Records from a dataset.
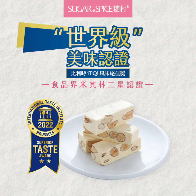 法式牛軋糖: 榮獲食品界米其林-比利時iTQi風味絕佳獎殊榮 嚴選飽滿香脆的杏仁果,口感Q彈不黏牙,散發出濃濃奶香味,男女老少都喜歡! 抹茶牛軋糖: 嚴選日本百年老鋪的極上抹茶x暢銷 150 國家的法國奶油,搭配美國頂級杏仁果,呈現濃郁的茶韻清香,在口中回甘的美好滋味。 草莓牛軋糖: 滿口香濃的草莓味,搭配草莓製成的果乾,充滿美味的幸福滋味! 重量:250g 榮獲食品界米其林-比利時iTQi風味絕佳獎殊榮 獲選「全世界最好吃零食 TOP 10 」 獲選「來台必買伴手禮 TOP 1 」 金馬獎指定糖村伴手禮
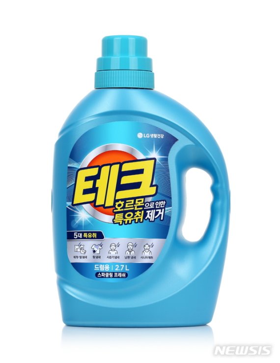 LG생활건강(대표 차석용)은 프리미엄 액체 세제 ‘테크 호르몬으로 인한 특유취 제거’(테크 특유취 제거 액체 세제)를 출시한다고 13일 밝혔다.
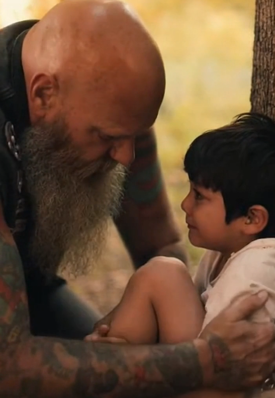 What makes this moment powerful isn’t the biker’s tough exterior or the dramatic appearance of a roaring Harley. It’s the simple humanity behind it. A grown man saw a child suffering and chose not to look away. He didn’t offer empty words or judgment. He offered presence. Safety. Compassion. And the kind of reassurance that can reshape a young life.
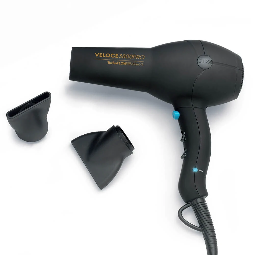 The Diva Edit Veloce 3800 Pro Dryer delivers a salon quality blow dry. The Veloce 3800 Pro offers styling that is tailored to different hair types, choose from 4 heat and 2 speed settings to deliver smooth, sleek results. Ionic conditioning eliminates frizz and static and the True Cold Shot setting provides a blast of cool air to set hairstyles. High power at 2200W with a high precision thermostat and an airflow of 110m³/h, this professional hair dryer will transform hair and deliver the ultimate salon blow dry.
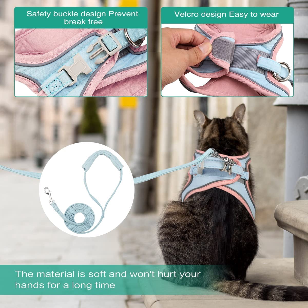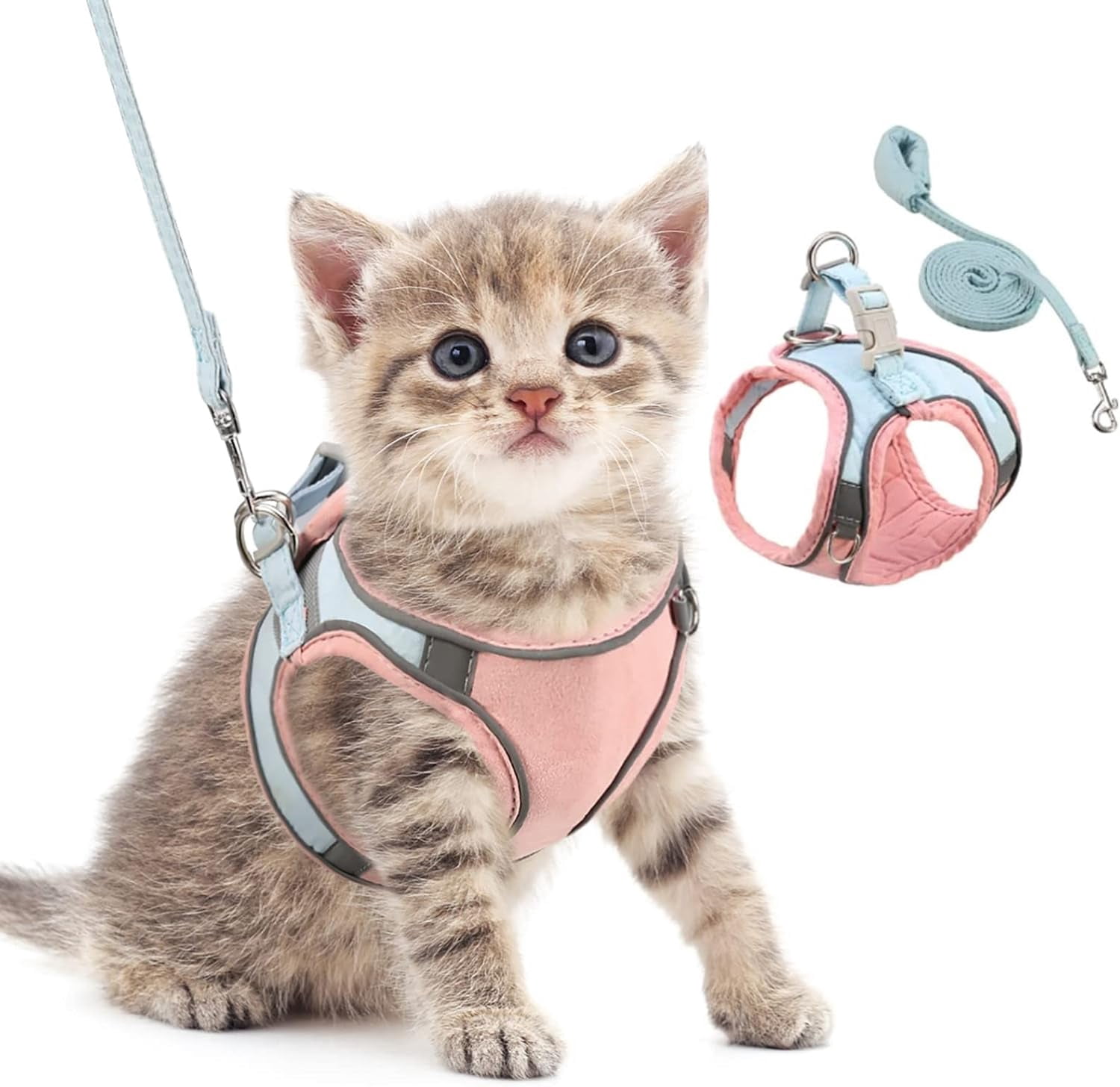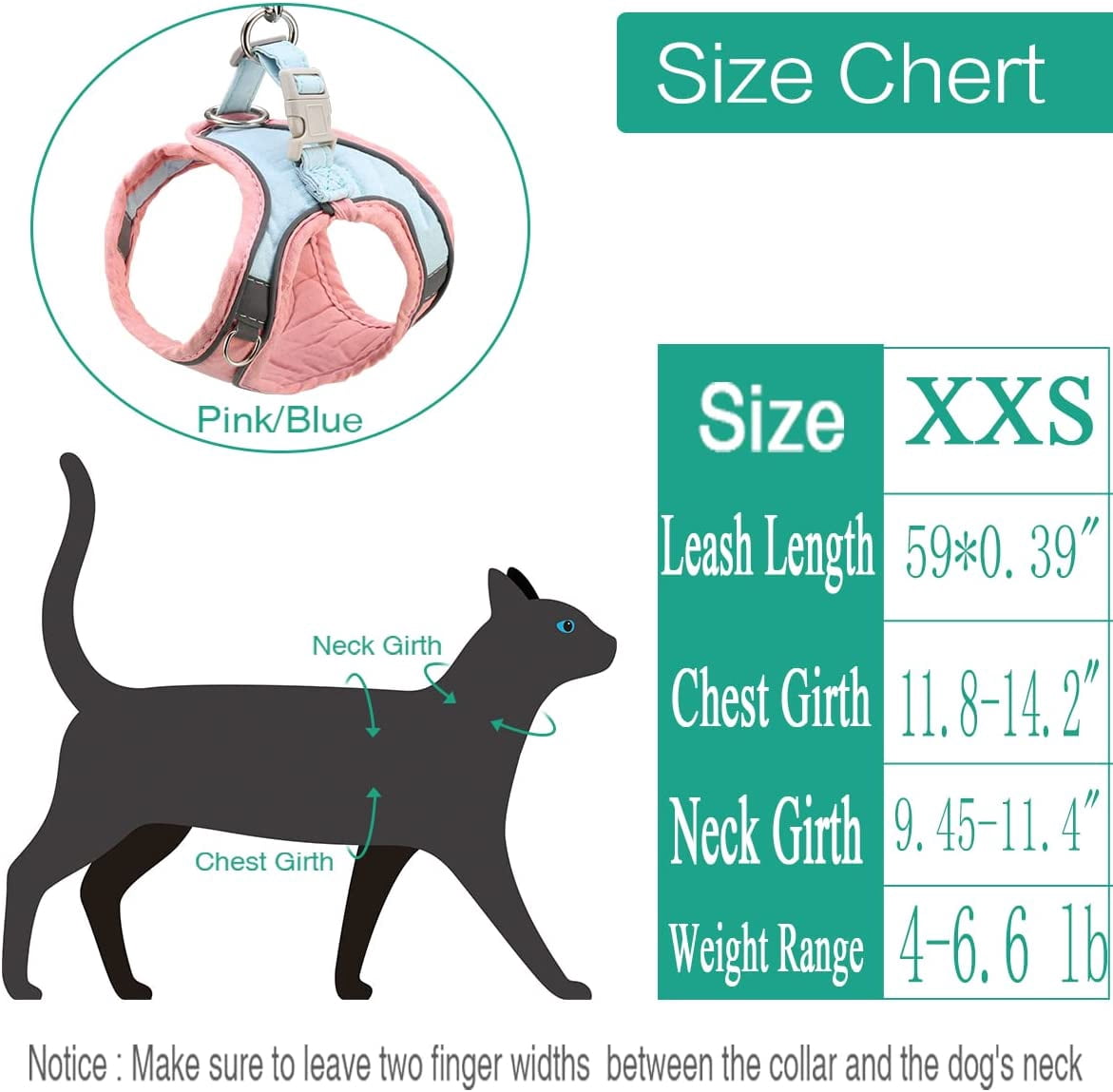 “Pet Harness & Leash Set, Breathable Vest with Reflective Straps, Adjustable for Small Cats, Dogs & Rabbits (10-6.6 lbs), Pink & Blue”

Task directions. Images are to be left out when the records above are written out again exactly.

Response to the task.
 法式牛軋糖: 榮獲食品界米其林-比利時iTQi風味絕佳獎殊榮 嚴選飽滿香脆的杏仁果,口感Q彈不黏牙,散發出濃濃奶香味,男女老少都喜歡! 抹茶牛軋糖: 嚴選日本百年老鋪的極上抹茶x暢銷 150 國家的法國奶油,搭配美國頂級杏仁果,呈現濃郁的茶韻清香,在口中回甘的美好滋味。 草莓牛軋糖: 滿口香濃的草莓味,搭配草莓製成的果乾,充滿美味的幸福滋味! 重量:250g 榮獲食品界米其林-比利時iTQi風味絕佳獎殊榮 獲選「全世界最好吃零食 TOP 10 」 獲選「來台必買伴手禮 TOP 1 」 金馬獎指定糖村伴手禮
 LG생활건강(대표 차석용)은 프리미엄 액체 세제 ‘테크 호르몬으로 인한 특유취 제거’(테크 특유취 제거 액체 세제)를 출시한다고 13일 밝혔다.
 What makes this moment powerful isn’t the biker’s tough exterior or the dramatic appearance of a roaring Harley. It’s the simple humanity behind it. A grown man saw a child suffering and chose not to look away. He didn’t offer empty words or judgment. He offered presence. Safety. Compassion. And the kind of reassurance that can reshape a young life.
 The Diva Edit Veloce 3800 Pro Dryer delivers a salon quality blow dry. The Veloce 3800 Pro offers styling that is tailored to different hair types, choose from 4 heat and 2 speed settings to deliver smooth, sleek results. Ionic conditioning eliminates frizz and static and the True Cold Shot setting provides a blast of cool air to set hairstyles. High power at 2200W with a high precision thermostat and an airflow of 110m³/h, this professional hair dryer will transform hair and deliver the ultimate salon blow dry.
 “Pet Harness & Leash Set, Breathable Vest with Reflective Straps, Adjustable for Small Cats, Dogs & Rabbits (10-6.6 lbs), Pink & Blue”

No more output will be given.